SCOTTSDALE, Ariz. — April 29, 2025 — HonorHealth Research Institute recently treated the first patient in a 50-site international clinical trial that will test a new type of therapy aimed at difficult-to-treat melanoma, an aggressive type of skin cancer.
This new therapy targets PRAME, a peptide commonly found in melanoma tumors. The therapy uses the patient's own manufactured and enhanced immune system T cells to create billions of new patient specific cells to attack melanoma, even after the cancer has spread to other parts of the body.
"We are excited about the potential of this new type of cellular therapy," said Justin Moser, M.D., an associate clinical investigator in the Research Institute's Cancer Research Division.
"Patients with advanced stage melanoma that has spread to other parts of the body, and who have exhausted other possibilities, might now have new options, giving them and their loved ones renewed hope," said Dr. Moser, who also is an associate research professor at Arizona State University's new School of Medicine and Advanced Medical Engineering.
Called SUPRAME, this clinical trial of nearly 360 patients will test an engineered T cell receptor (TCR), T cell therapy, called ACTengine® designed by Immatics, a clinical-stage biotechnology company located in Houston, Texas. Also known as IMA203 TCR-T, this is the world's first TCR therapeutic targeting PRAME.

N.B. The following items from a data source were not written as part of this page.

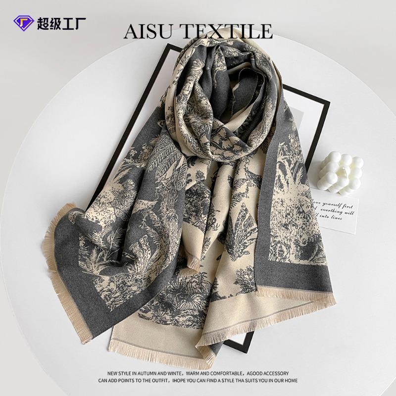 Scarf Women's winter imitation cashmere scarf High-end sense versatile retro long shawl Warm dual-purpose scarf
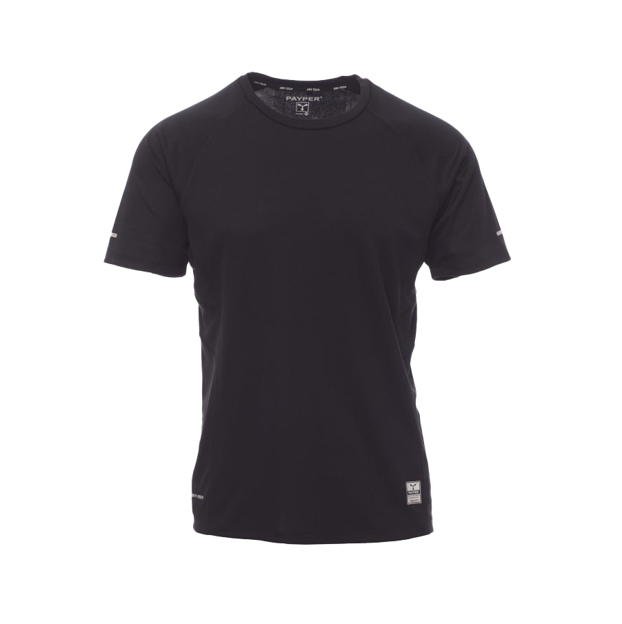 T-shirt da uomo tecnica-sportiva con manica raglan, doppia cucitura laterale per una migliore vestibilità, fondo sagomato e più lungo sul retro, inserto riflettente alla maniche e retro collo, nastratura del collo a contrasto, etichetta transfer.
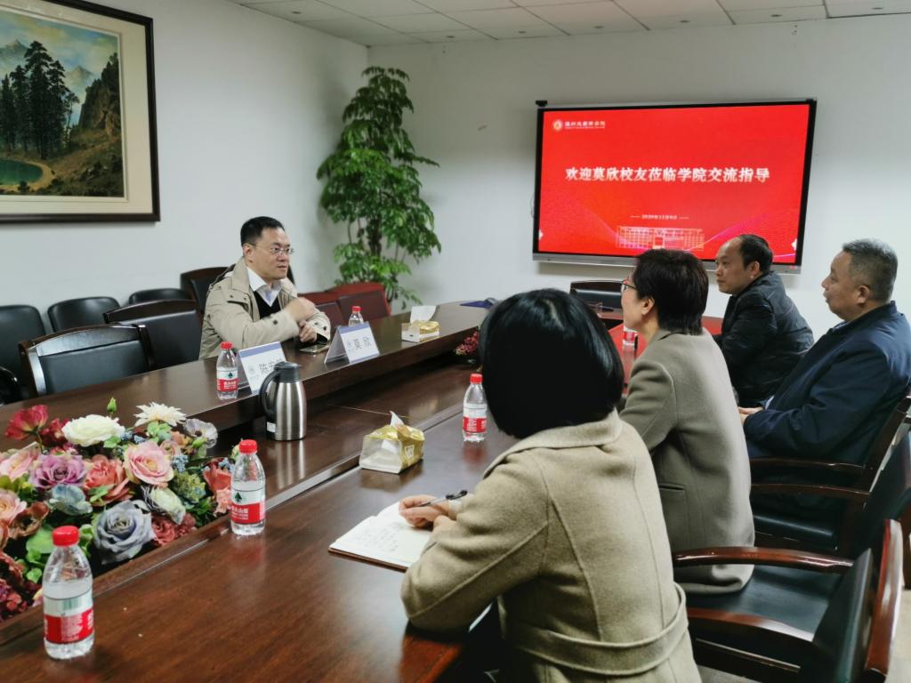 校友会副会长、90国贸莫欣校友来院交流指导,院长胡振华、党委书记郑彩莲、副书记唐华、办公室主任张素琴予以接待,双方在信息楼A222会议室展开座谈,并走访参观了考研自习室样板间、学院文化长廊、仲辉商道讲堂等。
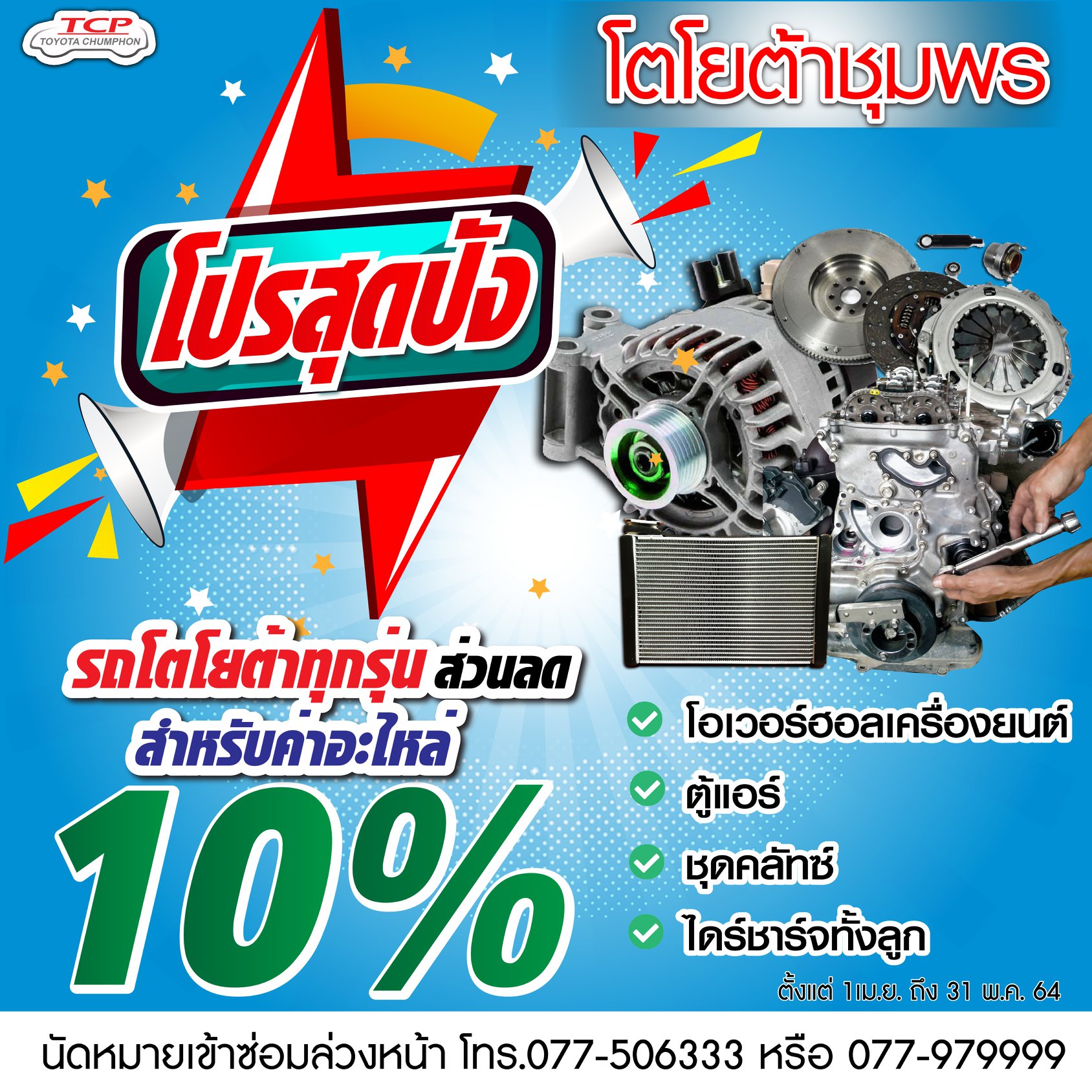 🔊🔊 โตโยต้า โปรสุดปัง💢💢 📌📌ศูนย์บริการ โตโยต้าชุมพรทุกสาขา จัดโปรสุดปัง ส่วนลดค่าอะไหล่10% สำหรับรถโตโยต้าทุกรุ่น ดังนี้ ========================

T cells from the patient's blood are removed and re-engineered in a laboratory to target the specific patient's cancer cells that contain PRAME. These new customized cells are then multiplied by the billions and infused back into the patient to hunt down and destroy the cancer. The therapy requires only one dose. Please see: https://www.youtube.com/watch?v=a7fk6EZbu5o
Results published in Nature Medicine
This Phase III trial is based on a Phase I trial of patients in which the engineered cells were shown to be safe and effective, with minimal side effects. Initial study results were published April 9 in the scientific journal Nature Medicine:
"Here we report a non-prespecified interim analysis of IMA203, an autologous TCR T product targeting a PRAME-derived peptide presented by HLA-A*02:01, in a first-in-human dose-escalation trial (NCT03686124)," according to the published paper, "Autologous T cell therapy for PRAME+ advanced solid tumors in HLA-A*02+ patients: a phase 1 trial."
Results from the early phase clinical trial showed a response rate of 54%, with a median duration of response of more than 1 year. A subgroup of 12 out of 26 patients showed a more than 50% reduction of tumor lesions and a median progression free survival of 13.4 months.
In addition, unlike some cell therapies, the turn-around time for manufacturing the ACTengine modified T cells and returning them to the patient is only approximately 2 weeks.
"We are tremendously grateful for all the dedicated professionals at clinical institutions in the United States and Europe who support us in our mission of delivering the power of T cells to patients with cancer," said Cedrik Britten, Immatics' Chief Medical Officer.